From the first line to the last, retype the records exactly without their images.

::: TASK INPUT

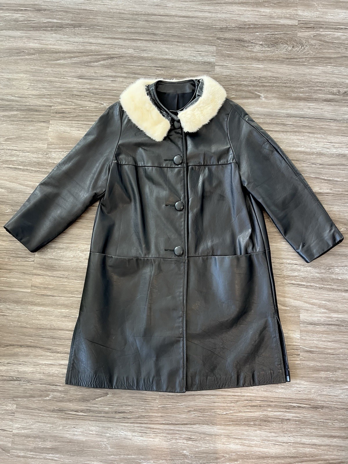 Vintage 1960s Mod Coat Black Leather Mink Collar Swing Trapeze 60s Fall Medium
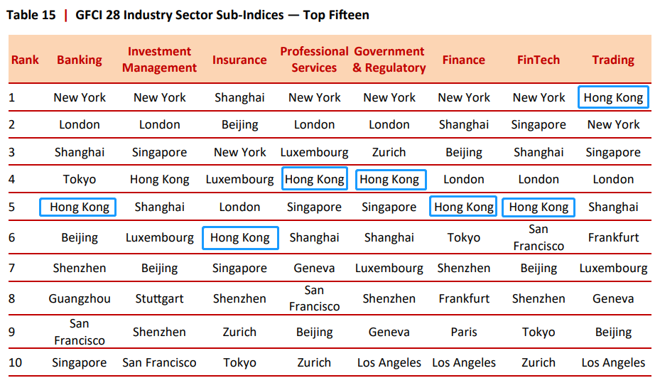 925日,英国智库Z/YenGroup与中国(深圳)综合开发研究院联合发布的第28期“全球金融中心指数”(GFCI 28)报告显示,香港以743的综合评分位列全球第五。
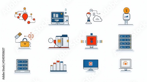 This image depicts a collection of 15 well designed and detailed data center icons including elements such as servers cloud computing networks and data storage
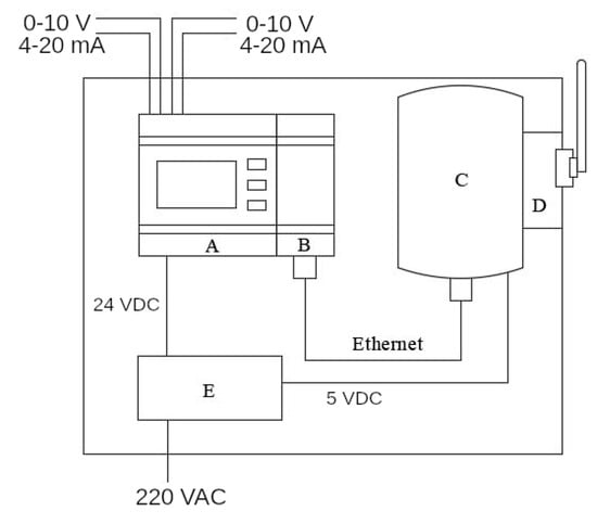 Schematic of the monitoring unit. (A) Industruino IND I/O 1286; (B) Industruino Ethernet module; (C) Raspberry PI Model 3; (D) GPRS unit; (E) power supply. The two 4–20 mA connections acquire the data from the indoor and outdoor pyranometers; the two 0–10 V connections acquire the data from the indoor and outdoor Photosynthetic Active Radiation (PAR)-meters.
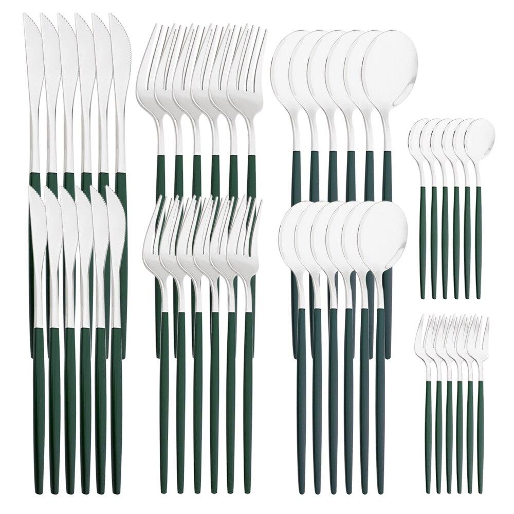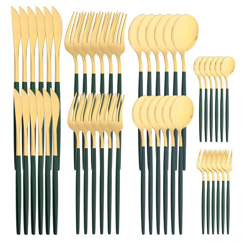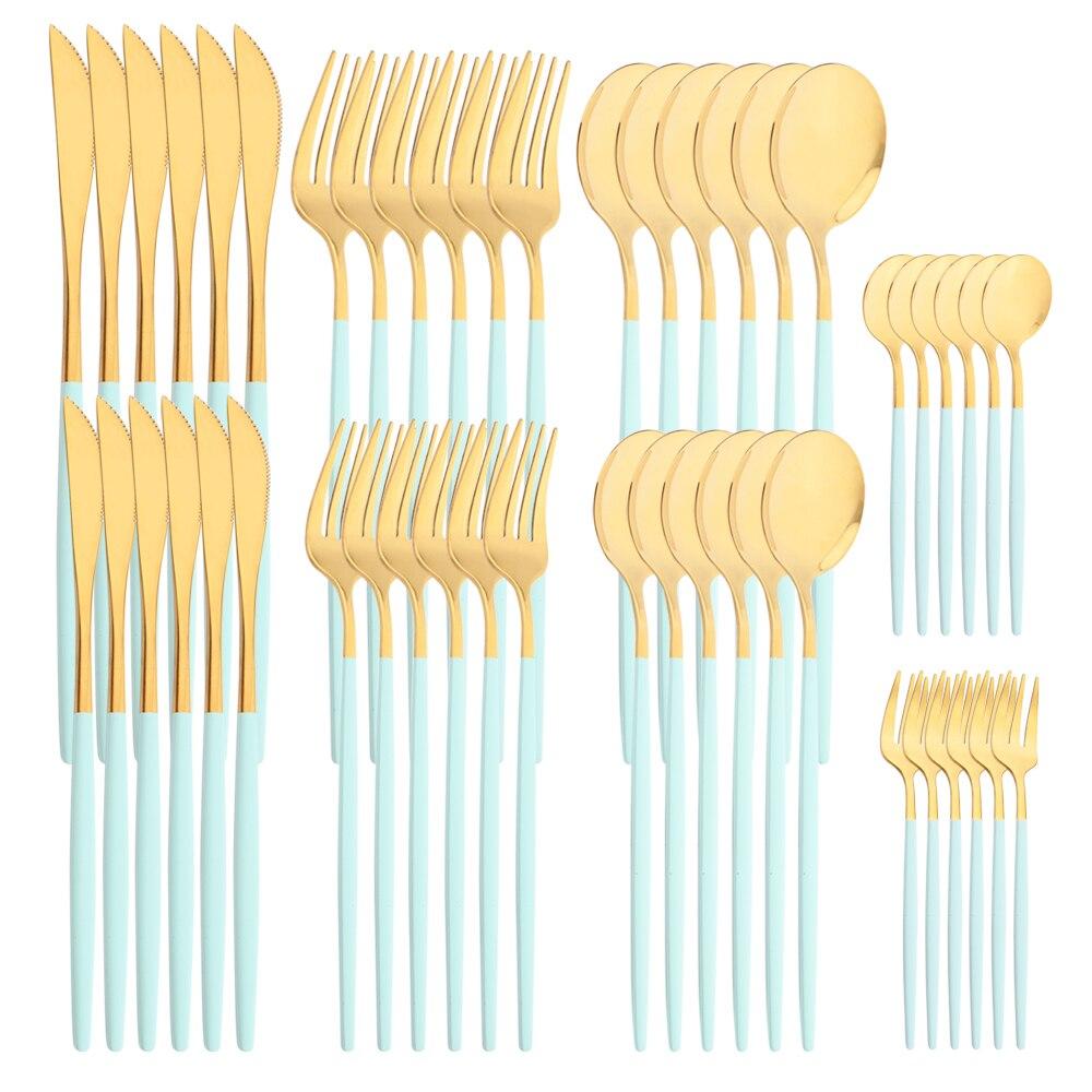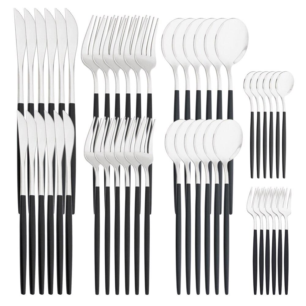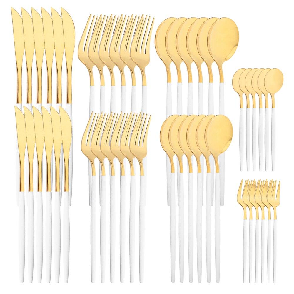 Зеркальный набор столовой посуды из розового золота, столовые приборы из нержавеющей стали, 48 шт., десертный нож, ложка, вилка, ложки, чайная ложка, столовое серебро, набор посуды
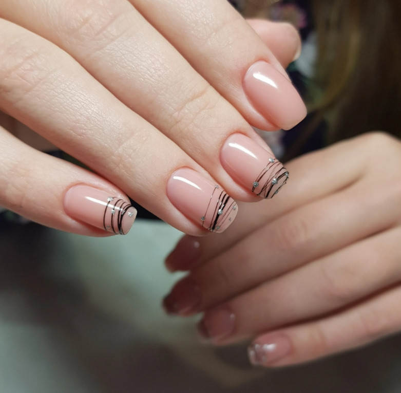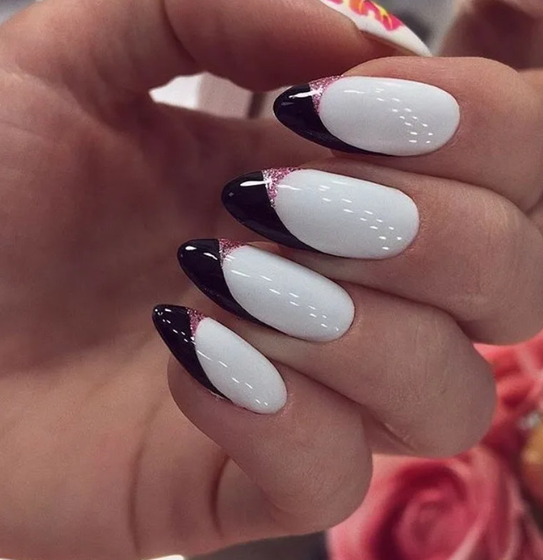 Белая окантовка больше подходит для нежного гламурного маникюра, черная — напротив, более экспрессивная, контрастная, сочетается со всей цветовой гаммой, разного рода декором. Выразительно смотрится со стразами, блестками, конфетти, полимерными камнями.
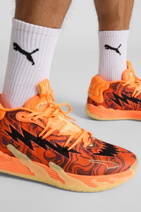 PRODUCT STORY Run like an intergalactic MVP in the MB.03 Halloween. NITRO™ foam rockets energy return with each explosive step, while the space-age woven upper lets breathability blast off. Scratch cutouts and slime soles complete the Melo world trip. Get ready for lift-off. FEATURES & BENEFITS - NITRO™: Advanced nitrogen-injected foam designed to provide superior responsiveness and cushioning in a lightweight package - PUMAGRIP: Durable performance rubber compound designed for all-surface traction DETAILS - Style: 311176_01 - Color: Fluro Orange Pes-PUMA Black - Regular fit - Engineered woven mesh upper material for breathable feel and support - TPU heel counter adds lateral stability - Laces wrap through LaMelo's winged logo on tongue - "RARE" AND "1of1" callouts on the pull-tab - Glow in the Dark details - PUMA branding details MATERIAL INFORMATION - Midsole: 100% Synthetic - Sockliner: 100% Textile - Outsole: 98.30% Rubber, 1.70% Synthetic - Upper: 69.50% Textile, 30.50% Synthetic - Lining: 100% Textile
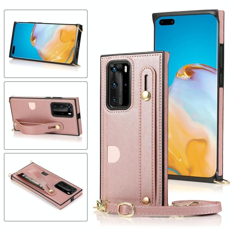 Για Huawei P40 Pro Plus Λουράκι καρπού PU + PU Αδιάβροχη προστατευτική θήκη με κορδόνι & κάτοχος & υποδοχή κάρτας (Rose Gold)

::::::

TASK RESULT
 Vintage 1960s Mod Coat Black Leather Mink Collar Swing Trapeze 60s Fall Medium
 925日,英国智库Z/YenGroup与中国(深圳)综合开发研究院联合发布的第28期“全球金融中心指数”(GFCI 28)报告显示,香港以743的综合评分位列全球第五。
 This image depicts a collection of 15 well designed and detailed data center icons including elements such as servers cloud computing networks and data storage
 Schematic of the monitoring unit. (A) Industruino IND I/O 1286; (B) Industruino Ethernet module; (C) Raspberry PI Model 3; (D) GPRS unit; (E) power supply. The two 4–20 mA connections acquire the data from the indoor and outdoor pyranometers; the two 0–10 V connections acquire the data from the indoor and outdoor Photosynthetic Active Radiation (PAR)-meters.
 Зеркальный набор столовой посуды из розового золота, столовые приборы из нержавеющей стали, 48 шт., десертный нож, ложка, вилка, ложки, чайная ложка, столовое серебро, набор посуды
 Белая окантовка больше подходит для нежного гламурного маникюра, черная — напротив, более экспрессивная, контрастная, сочетается со всей цветовой гаммой, разного рода декором. Выразительно смотрится со стразами, блестками, конфетти, полимерными камнями.
 PRODUCT STORY Run like an intergalactic MVP in the MB.03 Halloween. NITRO™ foam rockets energy return with each explosive step, while the space-age woven upper lets breathability blast off. Scratch cutouts and slime soles complete the Melo world trip. Get ready for lift-off. FEATURES & BENEFITS - NITRO™: Advanced nitrogen-injected foam designed to provide superior responsiveness and cushioning in a lightweight package - PUMAGRIP: Durable performance rubber compound designed for all-surface traction DETAILS - Style: 311176_01 - Color: Fluro Orange Pes-PUMA Black - Regular fit - Engineered woven mesh upper material for breathable feel and support - TPU heel counter adds lateral stability - Laces wrap through LaMelo's winged logo on tongue - "RARE" AND "1of1" callouts on the pull-tab - Glow in the Dark details - PUMA branding details MATERIAL INFORMATION - Midsole: 100% Synthetic - Sockliner: 100% Textile - Outsole: 98.30% Rubber, 1.70% Synthetic - Upper: 69.50% Textile, 30.50% Synthetic - Lining: 100% Textile
 Για Huawei P40 Pro Plus Λουράκι καρπού PU + PU Αδιάβροχη προστατευτική θήκη με κορδόνι & κάτοχος & υποδοχή κάρτας (Rose Gold)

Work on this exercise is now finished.